My copy, which looks very good for a book I’ve had since I was five. Most of the damage is from repeated rereads and a minor disagreement with a puppy…
When I was five years old, my mom–probably tired of repeating Dr Seuss books over and over again–came home from the store and handed me a copy of The Magician’s Nephew. “I wasn’t sure if it would be too scary,” she said, “but I thought you might like to try it.” She would have read it out loud to me if I asked her to, but in a fit of independent spirit I decided that it was time I tackled a real novel all by myself.
I was not a fast reader (yet), but I got all the way to the introduction of Jadis (that scary-looking lady on the cover) on my first try. Jadis scared me, so I stopped for a while. I don’t remember it being very long, although it’s true that time is funny in childhood memories. I had been enjoying the story so much that eventually, to reassure myself, I flipped through the book looking only at the pictures. With the flawless logic of a very girly five-year-old, I decided that no book containing a pegasus could possibly be THAT bad, and immediately plunged through the rest of the book. (“I could lose my job for saying this,” said my kindergarten teacher to my parents, “but have you ever considered homeschooling?”)
I liked The Magician’s Nephew so much that I reread it, and then I reread it again, all the while begging my mother for the next book. I have to hand it to her: she encouraged my fledgling book habit and accommodated it as much as possible in a town with no bookstore, and eventually we acquired the entire series. I remember this process taking a very long time, but it’s entirely probable that my judgement was clouded.
This was the book that introduced me to real fantasy, the one that changed my budding love for reading into an obsession. It set the precedent for literally everything else I have ever read afterward. It’s the entire reason why, for basically the entirety of elementary school, my mother constantly had to drag my nose out of a book in order to get me to do anything. The Chronicles of Narnia were the beginning of several bad habits of mine: the one where I peek at the later chapters when alarmed or unsure about beginning chapters, for example (this happens less and less nowadays, but it still occasionally happens). Also the one where I bring books to the dinner table (my family eventually gave up on explaining table manners and, once they decided a good example was useless, started bringing their own books to the table too). Also the one where I reread things I like. I don’t just reread them once, either. I reread them until the cover falls off. And then I get another copy and reread them some more.

Apocalypse+end of the world? Totally okay with my five-year-old self. What happened to Susan? Less okay.

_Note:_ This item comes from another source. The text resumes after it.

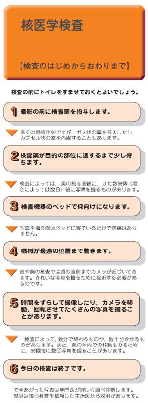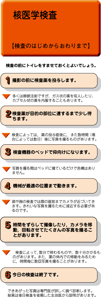 検査は予約制で、使用する薬品をその都度取り寄せておりますので、キャンセルは前日までにお願いいたします。 服装は、心筋血流シンチグラフィで負荷検査を受けられる方は検査着に着替えていただきますが、その他の検査では普段着でかまいません。しかし、検査部位によっては金属類(コイン、時計、眼鏡、鍵、携帯電話、ベルト、カイロ等)をはずしてから検査を受けていただきます。小さめの金属(ズボンのホック等)はそのままでもかまいません。 また、RI検査では目的の部位により検査方法が異なります。そのため検査にかかる時間、注射から検査までの待ち時間等も変わりますのでご注意ください。検査によっては前処置(食事制限や排尿など)が必要になる時もありますのでわからない時はお気軽にお尋ね下さい。
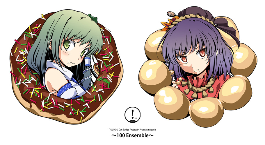 1boy2girlsblushdetached sleevesdonutfemale focusfoodfrog hair ornamentgreen eyesgreen hairhair ornamenthair tubeslong hairmultiple girlspurple hairred eyessimple backgroundsnake hair ornamentsprinklesupper bodywavy mouthwhite background

As an adult, looking back, I can see loads of problems with the series. Actually, I saw most of the big ones even as a kid: why are humans divinely ordained to rule over animals? Especially when the animals are just as sentient as the people are? Isn’t that a little elitist? Rather uncomfortably similar to white supremacism, actually, when you think about it? And what about Susan’s fate in the last book? I could write entire essays on the problem with Susan being denied entrance to Heaven based seemingly on the fact that she discovered sexuality, but other people have already done that (see Neil Gaiman’s short story The Problem of Susan, if you don’t mind never sleeping again). And as an adult, the bluntness of the Christian metaphors is sometimes hard to take. (As a kid I just thought it was interesting.)

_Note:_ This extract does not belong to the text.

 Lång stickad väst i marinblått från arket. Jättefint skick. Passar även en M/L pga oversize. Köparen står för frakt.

I can see all of that, but I just can’t dislike the series. It’s too deeply embedded in my childhood and my love for reading; too many wonderful things have come from my love of those stories for me to stop loving them. And you know what? Sometimes, when I’m feeling incredibly nostalgic, I still go back and reread the whole thing. No matter how many times I read over it, the wonder of my first real experience with fantasy is still there, waiting for me.